◆ TASK:
Below are some records. Write out exactly their lines from the one with "Lakeland RV Ranch" through the one with "Wallpapers Faded peonies", and leave the pictures behind.

◆ INPUT MATERIAL:
◆ ◆ ◆ ◆
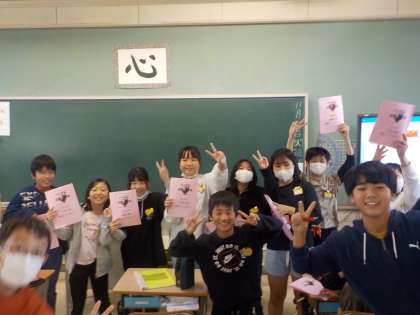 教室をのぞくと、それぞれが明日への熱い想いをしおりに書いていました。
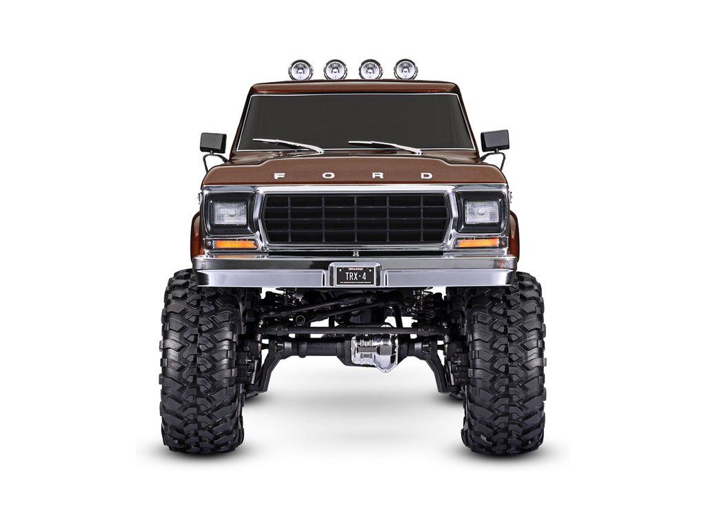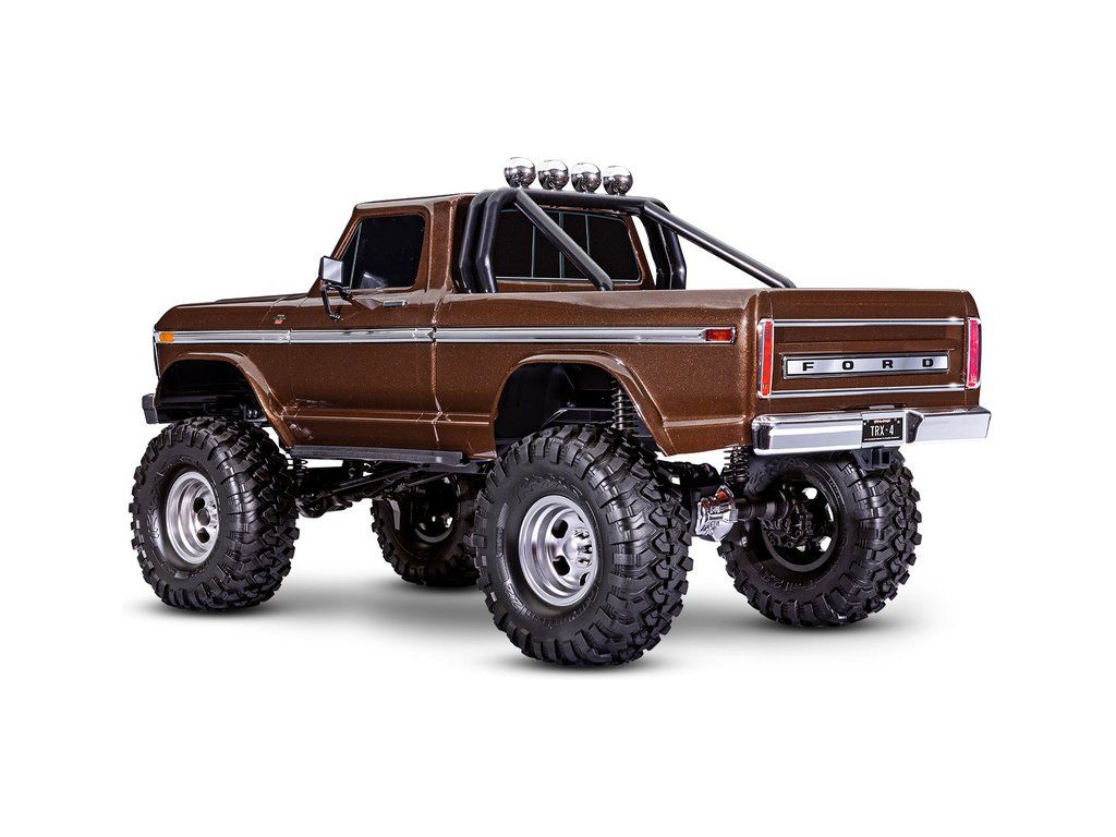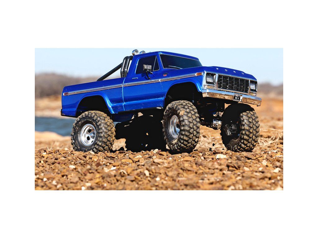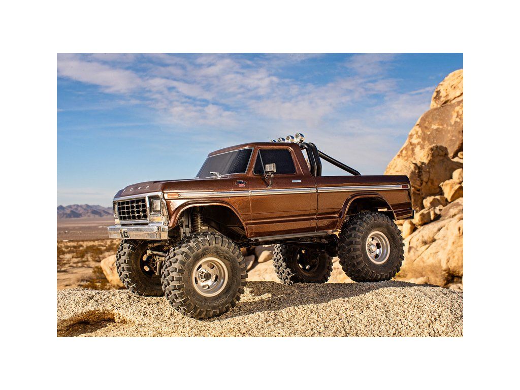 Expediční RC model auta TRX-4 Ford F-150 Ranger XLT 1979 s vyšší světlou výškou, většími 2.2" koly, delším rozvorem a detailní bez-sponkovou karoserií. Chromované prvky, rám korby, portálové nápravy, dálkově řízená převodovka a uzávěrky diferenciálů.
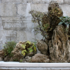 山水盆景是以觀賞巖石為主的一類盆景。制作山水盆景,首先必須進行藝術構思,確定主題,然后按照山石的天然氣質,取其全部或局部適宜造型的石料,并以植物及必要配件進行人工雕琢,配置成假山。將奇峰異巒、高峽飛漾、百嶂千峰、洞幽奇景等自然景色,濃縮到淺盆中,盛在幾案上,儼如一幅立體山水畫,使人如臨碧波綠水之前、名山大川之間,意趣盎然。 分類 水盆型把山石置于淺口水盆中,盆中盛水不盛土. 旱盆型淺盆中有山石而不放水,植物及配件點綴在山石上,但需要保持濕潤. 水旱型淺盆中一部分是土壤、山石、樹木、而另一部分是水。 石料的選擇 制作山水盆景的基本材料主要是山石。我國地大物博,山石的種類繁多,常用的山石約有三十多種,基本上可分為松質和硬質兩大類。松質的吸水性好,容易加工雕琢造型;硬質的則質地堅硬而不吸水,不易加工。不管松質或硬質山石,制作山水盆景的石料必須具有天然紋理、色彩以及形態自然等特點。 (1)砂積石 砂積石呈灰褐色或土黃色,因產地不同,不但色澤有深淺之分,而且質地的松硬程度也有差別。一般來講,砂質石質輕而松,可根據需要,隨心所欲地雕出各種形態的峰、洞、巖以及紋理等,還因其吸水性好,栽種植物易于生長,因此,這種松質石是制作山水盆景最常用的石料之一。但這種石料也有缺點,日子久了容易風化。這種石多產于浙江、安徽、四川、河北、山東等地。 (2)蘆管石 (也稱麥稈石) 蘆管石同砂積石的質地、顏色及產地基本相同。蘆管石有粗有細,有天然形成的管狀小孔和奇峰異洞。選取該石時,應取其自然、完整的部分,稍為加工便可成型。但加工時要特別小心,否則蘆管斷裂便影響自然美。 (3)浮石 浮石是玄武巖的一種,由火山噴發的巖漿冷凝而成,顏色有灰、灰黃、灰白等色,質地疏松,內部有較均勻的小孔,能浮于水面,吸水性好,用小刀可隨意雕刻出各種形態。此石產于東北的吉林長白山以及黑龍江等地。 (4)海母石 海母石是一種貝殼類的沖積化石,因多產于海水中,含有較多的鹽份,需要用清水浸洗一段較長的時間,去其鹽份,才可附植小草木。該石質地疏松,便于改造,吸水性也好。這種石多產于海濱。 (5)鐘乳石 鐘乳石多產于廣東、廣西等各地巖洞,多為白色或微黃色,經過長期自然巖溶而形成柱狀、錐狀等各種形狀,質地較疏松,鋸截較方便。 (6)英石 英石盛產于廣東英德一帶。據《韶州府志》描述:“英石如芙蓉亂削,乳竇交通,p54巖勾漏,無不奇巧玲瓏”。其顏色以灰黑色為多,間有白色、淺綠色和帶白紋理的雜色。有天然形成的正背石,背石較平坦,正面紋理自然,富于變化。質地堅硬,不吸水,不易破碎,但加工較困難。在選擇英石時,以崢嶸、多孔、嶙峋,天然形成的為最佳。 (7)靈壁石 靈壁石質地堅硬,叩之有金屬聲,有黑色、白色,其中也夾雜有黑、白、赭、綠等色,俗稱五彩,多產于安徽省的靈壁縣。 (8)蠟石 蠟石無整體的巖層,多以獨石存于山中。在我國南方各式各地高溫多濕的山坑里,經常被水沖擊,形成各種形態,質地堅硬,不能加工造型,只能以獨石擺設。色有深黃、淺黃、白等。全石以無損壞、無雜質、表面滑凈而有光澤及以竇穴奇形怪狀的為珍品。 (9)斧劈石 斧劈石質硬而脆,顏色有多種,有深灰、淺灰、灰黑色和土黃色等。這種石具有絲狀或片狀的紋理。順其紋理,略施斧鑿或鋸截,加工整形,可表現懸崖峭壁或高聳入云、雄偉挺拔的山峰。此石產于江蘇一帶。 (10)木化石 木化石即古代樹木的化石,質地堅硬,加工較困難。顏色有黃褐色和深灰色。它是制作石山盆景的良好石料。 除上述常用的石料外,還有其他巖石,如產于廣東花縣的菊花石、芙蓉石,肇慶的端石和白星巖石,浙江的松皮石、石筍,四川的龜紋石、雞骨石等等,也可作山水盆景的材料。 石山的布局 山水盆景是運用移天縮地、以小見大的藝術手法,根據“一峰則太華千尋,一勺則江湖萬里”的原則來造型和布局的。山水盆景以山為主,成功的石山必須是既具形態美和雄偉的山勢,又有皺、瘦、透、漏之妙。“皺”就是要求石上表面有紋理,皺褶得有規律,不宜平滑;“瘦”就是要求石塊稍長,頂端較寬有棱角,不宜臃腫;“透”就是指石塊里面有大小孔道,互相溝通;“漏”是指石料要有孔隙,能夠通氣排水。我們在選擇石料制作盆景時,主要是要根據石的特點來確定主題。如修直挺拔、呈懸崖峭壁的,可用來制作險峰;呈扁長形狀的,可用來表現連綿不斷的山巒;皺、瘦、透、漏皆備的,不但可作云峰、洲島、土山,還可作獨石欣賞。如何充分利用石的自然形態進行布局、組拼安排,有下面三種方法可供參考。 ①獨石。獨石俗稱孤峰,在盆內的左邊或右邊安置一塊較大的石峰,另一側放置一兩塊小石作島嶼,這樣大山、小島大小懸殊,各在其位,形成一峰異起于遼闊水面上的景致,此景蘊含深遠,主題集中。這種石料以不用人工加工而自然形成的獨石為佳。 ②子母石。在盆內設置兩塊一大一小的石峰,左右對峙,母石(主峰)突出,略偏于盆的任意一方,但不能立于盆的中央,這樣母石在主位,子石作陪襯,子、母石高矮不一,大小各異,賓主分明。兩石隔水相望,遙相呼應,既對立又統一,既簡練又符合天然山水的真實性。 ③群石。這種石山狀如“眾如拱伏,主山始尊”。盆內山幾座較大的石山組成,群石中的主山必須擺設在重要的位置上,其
◆ ◆ ◆ ◆
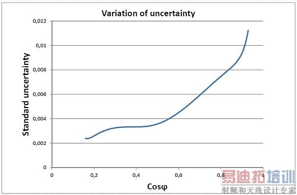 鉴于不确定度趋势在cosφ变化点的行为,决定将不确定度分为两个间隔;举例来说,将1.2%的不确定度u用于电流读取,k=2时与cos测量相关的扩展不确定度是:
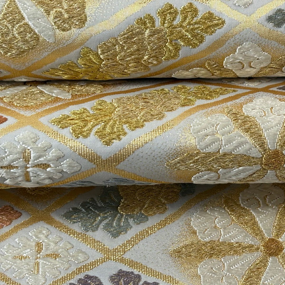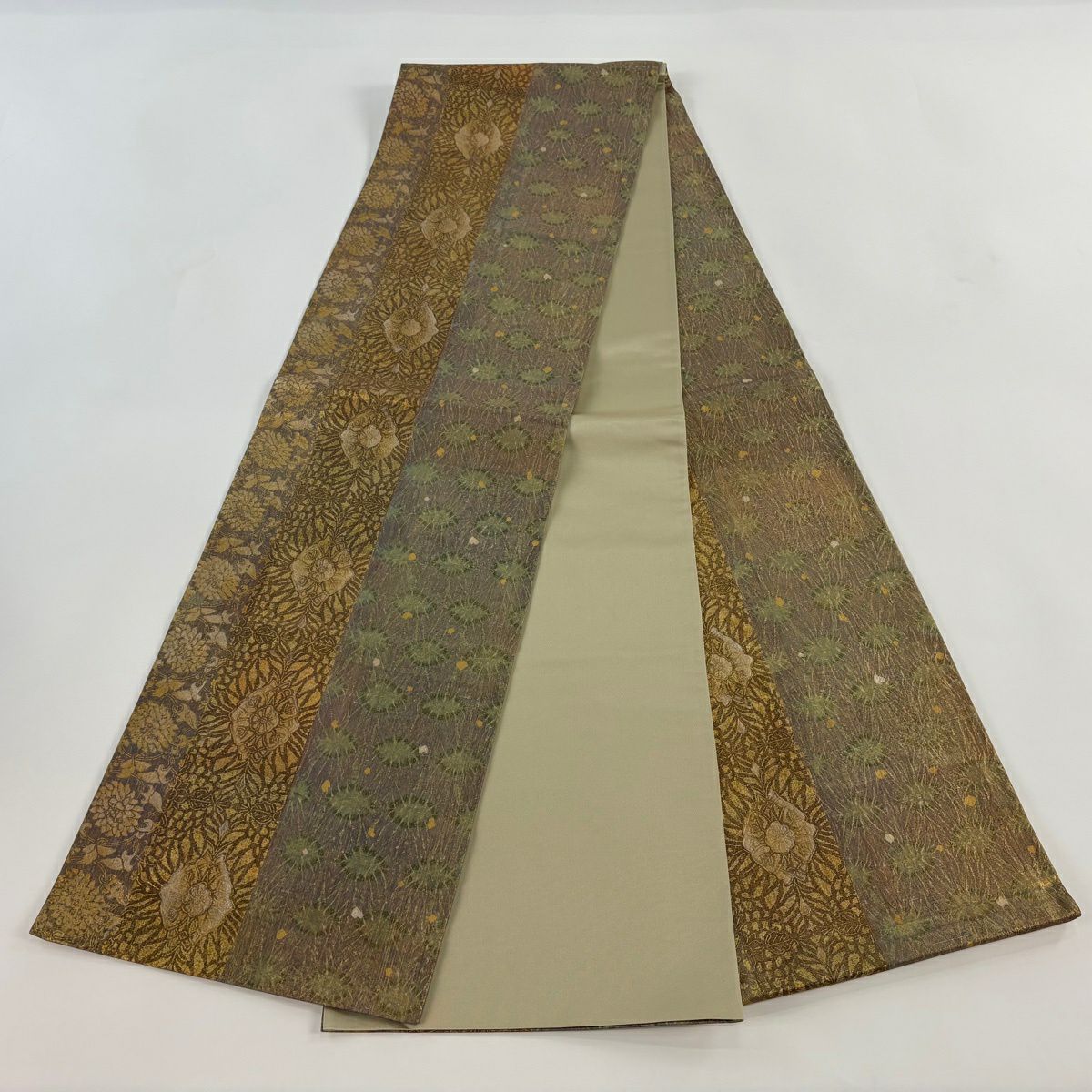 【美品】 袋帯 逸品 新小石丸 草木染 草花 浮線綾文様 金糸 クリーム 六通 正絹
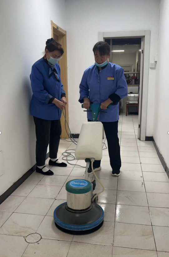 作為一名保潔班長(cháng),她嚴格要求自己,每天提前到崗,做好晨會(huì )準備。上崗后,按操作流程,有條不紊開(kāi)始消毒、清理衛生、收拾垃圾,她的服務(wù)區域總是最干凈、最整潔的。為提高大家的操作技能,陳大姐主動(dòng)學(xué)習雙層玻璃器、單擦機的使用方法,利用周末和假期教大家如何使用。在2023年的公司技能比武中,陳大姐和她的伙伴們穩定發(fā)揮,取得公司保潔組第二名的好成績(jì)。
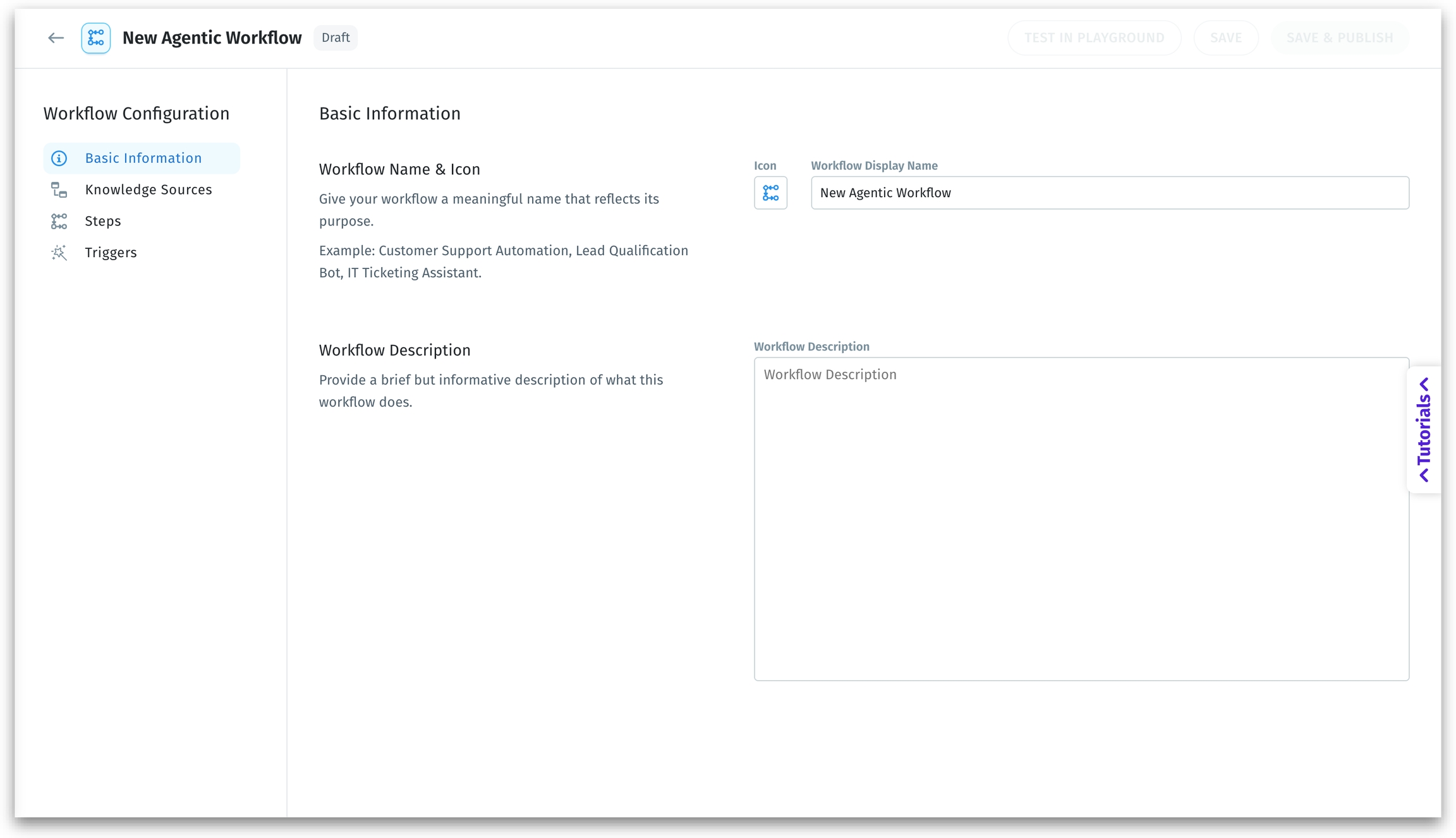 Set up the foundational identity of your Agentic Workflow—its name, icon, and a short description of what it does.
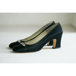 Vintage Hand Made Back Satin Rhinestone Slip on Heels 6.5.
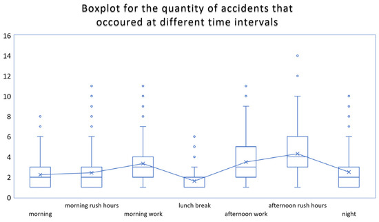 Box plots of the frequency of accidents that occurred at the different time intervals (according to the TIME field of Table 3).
◆ ◆ ◆ ◆
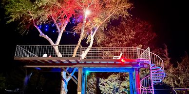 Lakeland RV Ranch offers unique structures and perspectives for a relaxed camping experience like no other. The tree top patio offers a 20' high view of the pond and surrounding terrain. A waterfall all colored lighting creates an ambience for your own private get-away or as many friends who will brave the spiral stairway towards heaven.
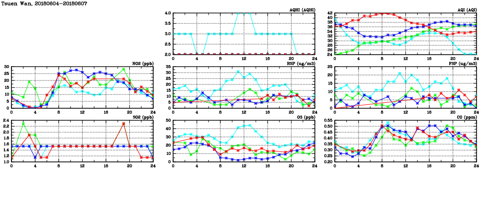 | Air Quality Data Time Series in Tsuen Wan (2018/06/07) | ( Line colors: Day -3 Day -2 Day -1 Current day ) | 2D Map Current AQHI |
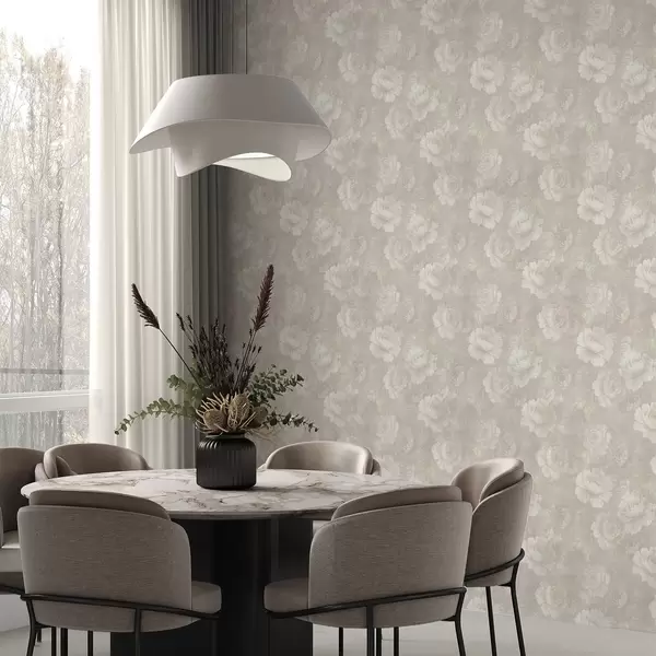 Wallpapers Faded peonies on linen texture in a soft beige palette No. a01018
◆ ◆ ◆ ◆
◆ RESPONSE TO THE EXERCISE:
 Lakeland RV Ranch offers unique structures and perspectives for a relaxed camping experience like no other. The tree top patio offers a 20' high view of the pond and surrounding terrain. A waterfall all colored lighting creates an ambience for your own private get-away or as many friends who will brave the spiral stairway towards heaven.
 | Air Quality Data Time Series in Tsuen Wan (2018/06/07) | ( Line colors: Day -3 Day -2 Day -1 Current day ) | 2D Map Current AQHI |
 Wallpapers Faded peonies on linen texture in a soft beige palette No. a01018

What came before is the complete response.